### Task objective
From the line holding "在PIE2008展上亮相的索" through the line holding "The upcoming work" below, write out every line exactly; include both of those lines and drop the pictures.

### Available data

--

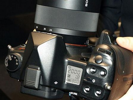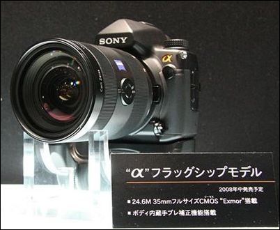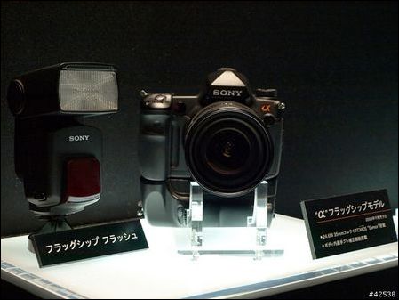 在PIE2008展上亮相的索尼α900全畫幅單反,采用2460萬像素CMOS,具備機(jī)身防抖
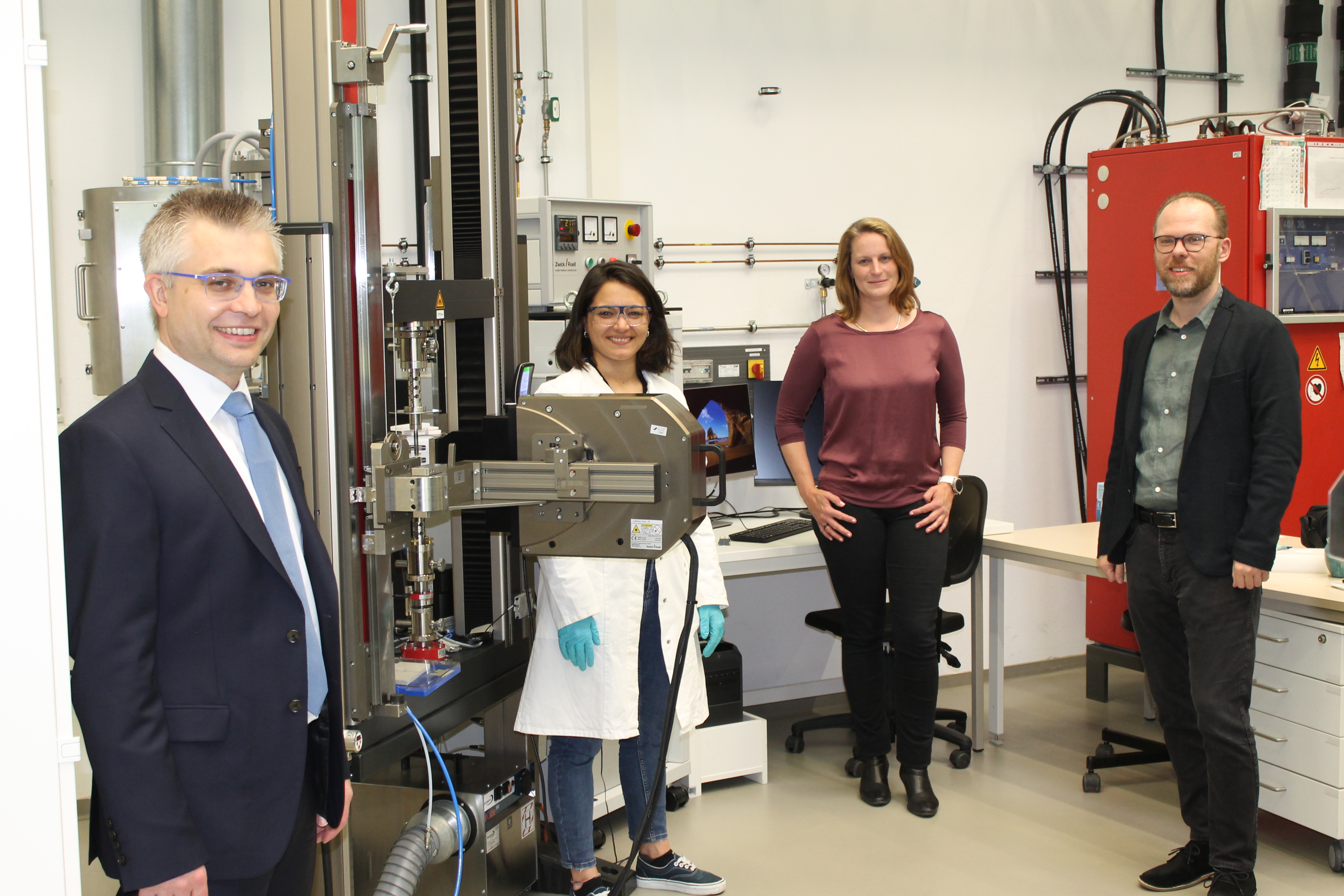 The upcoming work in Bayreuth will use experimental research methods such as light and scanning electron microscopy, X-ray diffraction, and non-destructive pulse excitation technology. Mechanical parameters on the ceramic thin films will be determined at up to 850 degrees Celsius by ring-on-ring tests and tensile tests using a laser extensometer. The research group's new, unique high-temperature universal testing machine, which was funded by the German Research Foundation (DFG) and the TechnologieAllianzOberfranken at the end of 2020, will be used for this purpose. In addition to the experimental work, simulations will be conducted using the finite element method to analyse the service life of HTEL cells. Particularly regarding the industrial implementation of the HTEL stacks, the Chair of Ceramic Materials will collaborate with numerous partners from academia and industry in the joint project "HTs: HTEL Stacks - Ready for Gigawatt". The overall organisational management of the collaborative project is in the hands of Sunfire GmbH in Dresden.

--

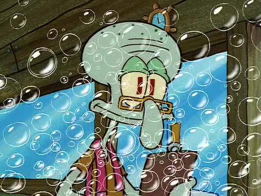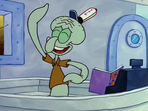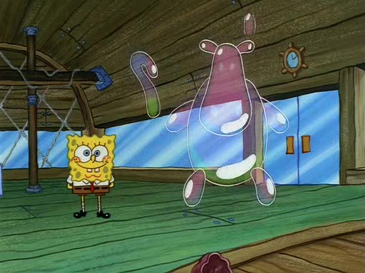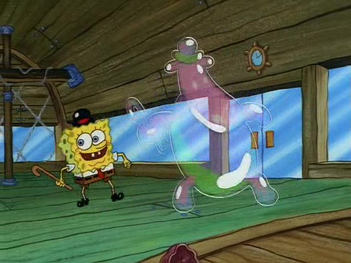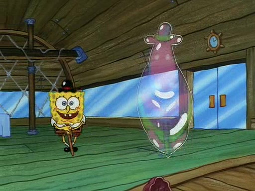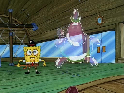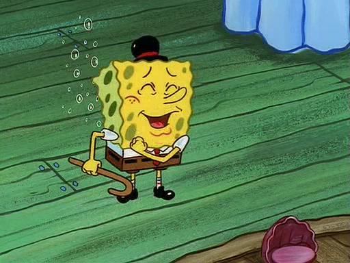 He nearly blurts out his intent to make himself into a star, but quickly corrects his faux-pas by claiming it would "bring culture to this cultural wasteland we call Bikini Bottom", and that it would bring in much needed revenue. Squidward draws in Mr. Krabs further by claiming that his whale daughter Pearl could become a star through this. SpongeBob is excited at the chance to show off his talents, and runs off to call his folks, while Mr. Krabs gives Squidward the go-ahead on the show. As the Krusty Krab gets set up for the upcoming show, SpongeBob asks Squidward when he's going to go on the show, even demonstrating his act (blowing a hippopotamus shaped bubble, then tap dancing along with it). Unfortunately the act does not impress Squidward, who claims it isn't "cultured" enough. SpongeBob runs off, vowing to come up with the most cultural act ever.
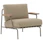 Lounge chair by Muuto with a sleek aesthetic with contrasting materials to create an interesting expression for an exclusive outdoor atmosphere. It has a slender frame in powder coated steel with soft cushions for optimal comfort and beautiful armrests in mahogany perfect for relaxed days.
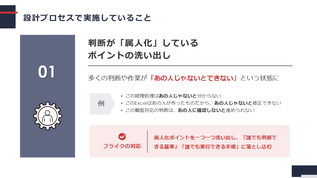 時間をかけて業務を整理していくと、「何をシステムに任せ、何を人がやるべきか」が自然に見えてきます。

--

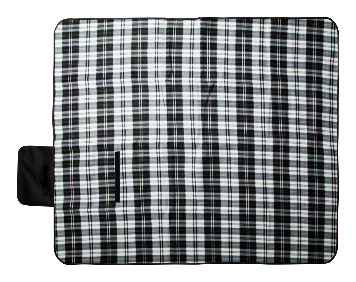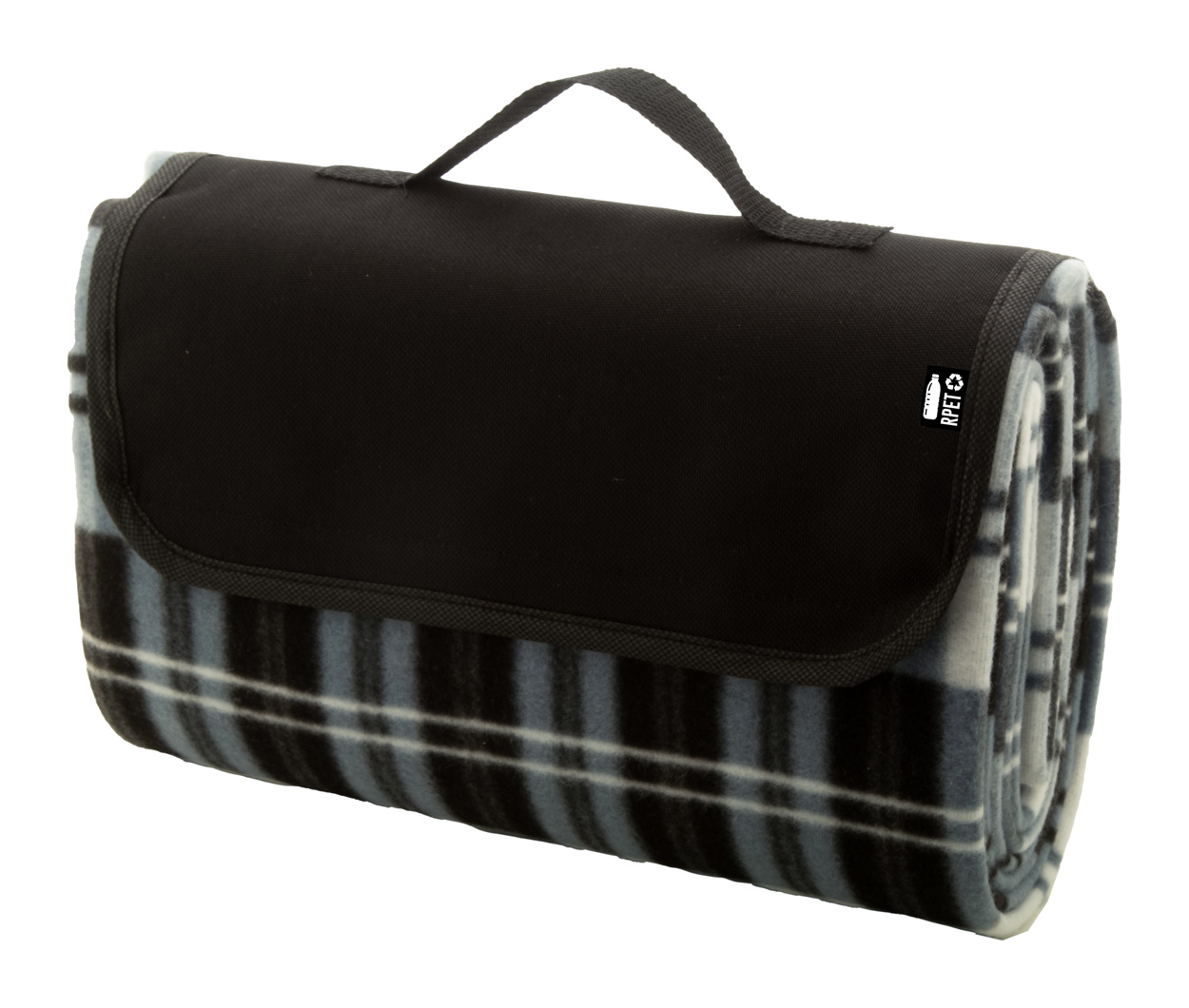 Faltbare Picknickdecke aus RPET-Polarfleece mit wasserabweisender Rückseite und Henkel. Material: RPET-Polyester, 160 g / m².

--

### Exercise solution
 在PIE2008展上亮相的索尼α900全畫幅單反,采用2460萬像素CMOS,具備機(jī)身防抖
 The upcoming work in Bayreuth will use experimental research methods such as light and scanning electron microscopy, X-ray diffraction, and non-destructive pulse excitation technology. Mechanical parameters on the ceramic thin films will be determined at up to 850 degrees Celsius by ring-on-ring tests and tensile tests using a laser extensometer. The research group's new, unique high-temperature universal testing machine, which was funded by the German Research Foundation (DFG) and the TechnologieAllianzOberfranken at the end of 2020, will be used for this purpose. In addition to the experimental work, simulations will be conducted using the finite element method to analyse the service life of HTEL cells. Particularly regarding the industrial implementation of the HTEL stacks, the Chair of Ceramic Materials will collaborate with numerous partners from academia and industry in the joint project "HTs: HTEL Stacks - Ready for Gigawatt". The overall organisational management of the collaborative project is in the hands of Sunfire GmbH in Dresden.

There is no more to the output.